The one bore a bad wound in the head, which they had given him when stripping him. They came to me, as I called to them from where I was concealed, and recounted to me the cruel deaths and punishments which the English had inflicted upon more than one hundred Spaniards they had taken.

With this intelligence there was no lack of affliction; but God gave me strength; and after I had commended myself to Him, and to His blessed Mother, I said to those two soldiers: "Let us proceed to the ships where these people are going about plundering, perhaps we shall find something to eat or drink, for it is certain that I shall die of hunger." And going in that direction, we began to see dead bodies, which was a great grief and pity to see those whom the sea continued casting up. There were stretched out upon that strand more than four hundred, among whom we recognised some, and the poor Don Diego Enriquez, whom, with all my sad plight, I did not wish to pass by without burying him in a pit, which we made in the sand, at the water's edge. We laid him there along with another very honourable captain, a great friend of mine, and we had not quite finished burying them, when there came up to us two hundred savages, to see what we were doing. We said to them, by signs, that we were placing there those men who were our brothers, that the crows might not eat them.
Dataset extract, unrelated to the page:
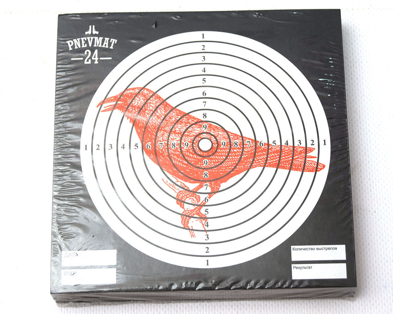 Радиус мишени 6 см, радиус кружка «десятки» 6 мм, расстояние между окружностями по 6 мм. Отличается от обычной спортивной мишени тем, что вместо черного круга в центре нарисована фигура вороны красного цвета, в которую и нужно осуществляеть прицеливание. Количество мишеней в упаковке: 50 штук.

Then we went off, and searched for something to eat along the shore—of biscuits, which the sea was casting up—when four savages came up to me to strip me of the clothing which I wore, and another was grieved and took them away; seeing that, they began to maltreat me: and he may have been a chief, for they respected him.

This man, by the grace of God, assisted me and my two companions, and brought us away from there, and remained a good while in our company, until he put us on a road which led from the coast to a village where he lived. There he told us to await him, and that he would return soon and put us[[17]] on the way to a good place.

Along with all this misery, that road was very stony, and I was unable to move or go a step forward, because I went shoe-less, and dying with pain in one of my legs, which was severely wounded. My poor companions were naked and freezing with the cold, which was very great; and not being able to exist nor assist me, they went on in front by the road, and I remained there supplicating God's favour.

He aided me, and I began to move along, little by little, and reached a height, from whence I discovered some huts of straw;[[18]] and going towards them by a valley, I entered a wood.[[19]] When I had gone a distance of two shots of an arquebus in it, an old savage of more than seventy years came out from behind the rocks, and two young men, with their arms—one English, the other French—and a girl of the age of twenty years, most beautiful[[20]] in the extreme, who were all going to the shore to plunder.

When they saw me pass among the trees, they changed their course towards me, and the Englishman came up saying, "Yield, Spanish poltroon,"[[21]] and made a slash at me with a knife, desiring to kill me. I warded off the blow with a stick which I carried in my hand; but, in the end, he got at me, and cut the sinew of my right leg. He wanted to repeat the blow immediately, had not the savage come up with his daughter, who may have been this Englishman's friend,[[22]] and I replied he might do what he wished to me, for fortune had subdued me, and deprived me of my arms in the sea. They took him away from me then, and the savage began to strip me, to the taking off of my shirt, under which I wore a gold chain of the value of rather more than a thousand dollars.[[23]] When they saw it, they rejoiced greatly, and searched the jacket,[[24]] thread by thread, in which I carried forty-five crown-pieces in gold, that the Duke had ordered to be given to me at Corunna for two months' pay;[[25]] and when the Englishman saw that I carried a chain and crown-pieces, he wanted to take me prisoner, saying that he should be offered a ransom. I replied that I had nothing to give; that I was a very poor soldier, and had gained that, what they saw, in the ship. The girl lamented much to see the bad treatment I received, and asked them to leave me the clothes, and not to injure me any more. They all returned to the hut of the savage, and I remained among those trees, bleeding from the wound which the Englishman had inflicted upon me. I proceeded to put on again my jacket and sack-coat; moreover, they had taken away my shirt, and some relics of great value which I wore in a small garment [vestment], of the Order of the Holy Trinity, that had been given to me at Lisbon.

These the savage damsel took and hung them round her neck, making me a sign that she wished to keep them, saying to me that she was a Christian: which she was in like manner as Mahomet.

From her hut they sent me a boy with a poultice made of herbs, to put upon my wound, and butter and milk and a small piece of oaten bread to eat.

I applied the dressing and ate the food, and the boy went along the road with me, showing me the direction I had to go, and advising me to avoid a village which could be seen from thence, where they had killed many Spaniards, and not one escaped that they could lay their hands upon.